I wasn't able to think straight for three days.


----------



## Toki-Doki (Mar 12, 2007)

I'm not really the type to get scared by horror films, but back when I was a kid I remember being really freaked out by a movie called The Haunting. : O


----------



## Red (Mar 12, 2007)

till this day, child's play 1-3 has  haunted me. then this upcoming movie dead silence is just horrible


----------



## Cava (Mar 12, 2007)

child's play 1 gave me the creeps too! n i watched it when i was 8 yrs old so =.=


----------



## Suikka (Mar 12, 2007)

None really. After watching The Grudge 2 a while it felt like someone was watching me but it wasn't a big deal.


----------



## Onslaught (Mar 12, 2007)

Horror movies dont really bother me too much,messed up movies like House of 1000 Corpses though leave you thinking to yourself,what the fuck did I just watch?


----------



## destroy_musick (Mar 12, 2007)

The Exorcist did it for me..

the entire death of innocence, no, the raping of innocence from powers beyond our control is just plain scary to me.


----------



## Suzie (Mar 12, 2007)

Saw 2

It creeped me out slightly


----------



## Bisuke (Mar 12, 2007)

"the Exorcism of Emily Rose"

>>

based froma true story.  demons are real.  evil spirits are real.  so.. yeah, it scared the hell out of me.


----------



## Ino_Pig (Mar 12, 2007)

There is one horror film I'll always remember. 'IT'. I hate clowns. I watched it when I was young with some friends, we thought it would be fun whilst her parents were out to get one of her dads horror films and put it on. We were about 6. We never got past the first 10 minutes.

Oh my god. 



Although, when I watch it now it doesn't seem that scary. That clown will always haunt me though.


----------



## BladeofTheChad (Mar 12, 2007)

I have never been afraid of a horror movie. The genre sucks as a whole, put a fucking stake in it already.


----------



## Mojim (Mar 12, 2007)

@Ino: That pic gives me the creeps


----------



## Ino_Pig (Mar 12, 2007)

Mojim said:


> @Ino: That pic gives me the creeps



I know. Just try watching some parts of the film. I think he kills just kids If I remember. 

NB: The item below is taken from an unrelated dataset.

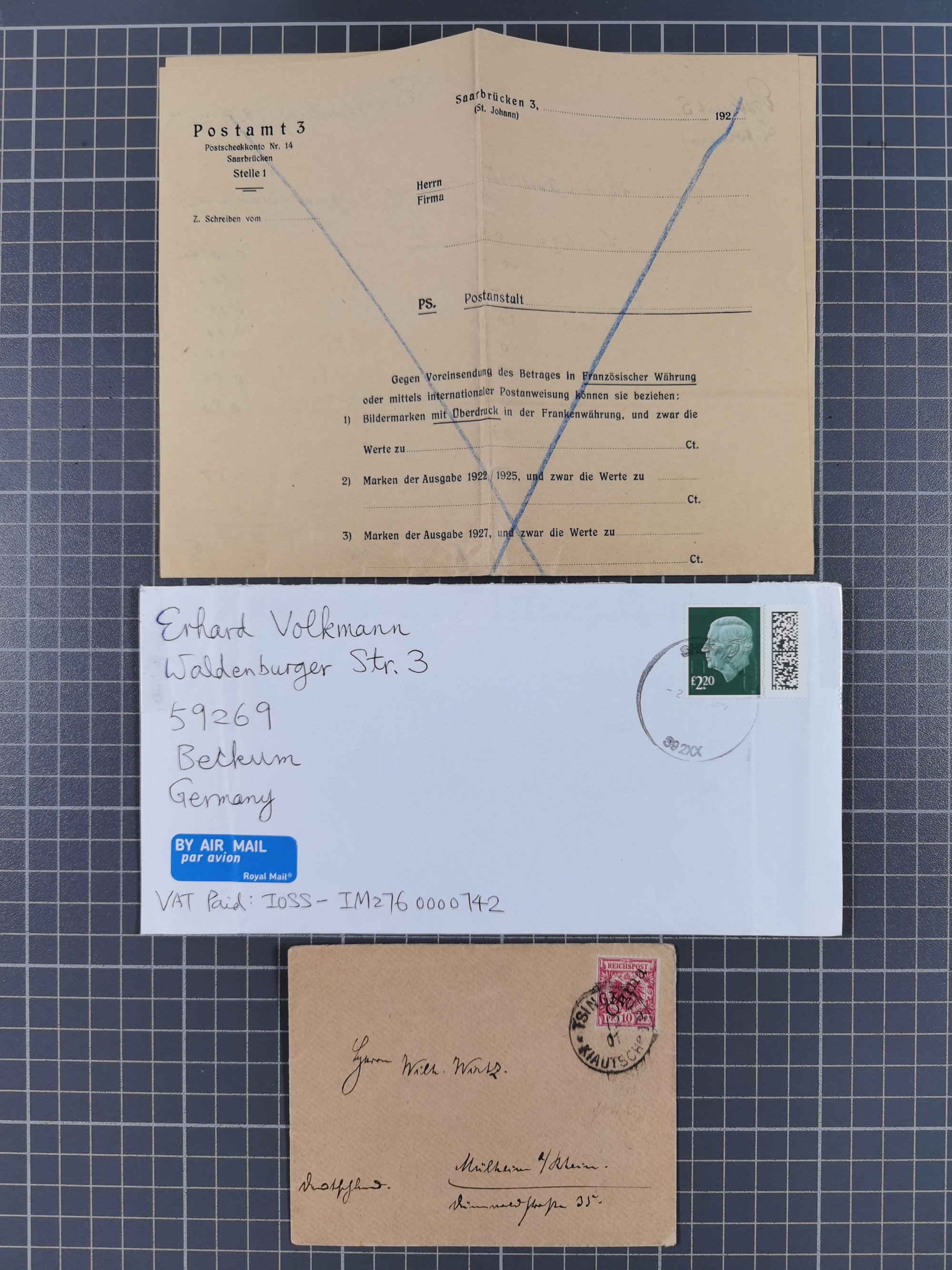 1912/61, Heimatsammlung Saarland mit Flugpost 1912, Erstflu Saarbrücken-Paris 1928, Firmenlochung, Feldpost, Einladungskarte zur Hochzeit 1911, sechs Originalfotographien zur Photoreportage ‘Trampus’ aus den 30er Jahren

There was two main parts right at the beginning that I always remember. One was a girl in her front garden on a little bike. She looked about 4, her mother was hanging out watching and just went inside to get something, next minute the wind blows and blows the towl/clothes upwards, the girl turns her head and that shitface clown is stood there smiling.


----------



## Mojim (Mar 12, 2007)

^ I totally remember that part and I screamed like a crazy histeria person, it was just too scary for me that time (i was 7 y/o). Then my mom had to calmed me down for hours because I was too scared and freaked out! Lol that night I went to sleep with my parents bedroom,heh :sweat 
Poor little girl though ;[

Another one was the scene/part at the bathroom. That's all I can remember about it and that scene was scary too


----------



## Cava (Mar 12, 2007)

IT kills adults as well..in fact the story is about the children who faced IT and defeated him and then when IT returns they're adults, and facing IT to defeat him again.


----------



## Misa (Mar 12, 2007)

The ring

7 days..... >.<


----------



## Ino_Pig (Mar 12, 2007)

Cava said:


> IT kills adults as well..in fact the story is about the children who faced IT and defeated him and then when IT returns they're adults, and facing IT to defeat him again.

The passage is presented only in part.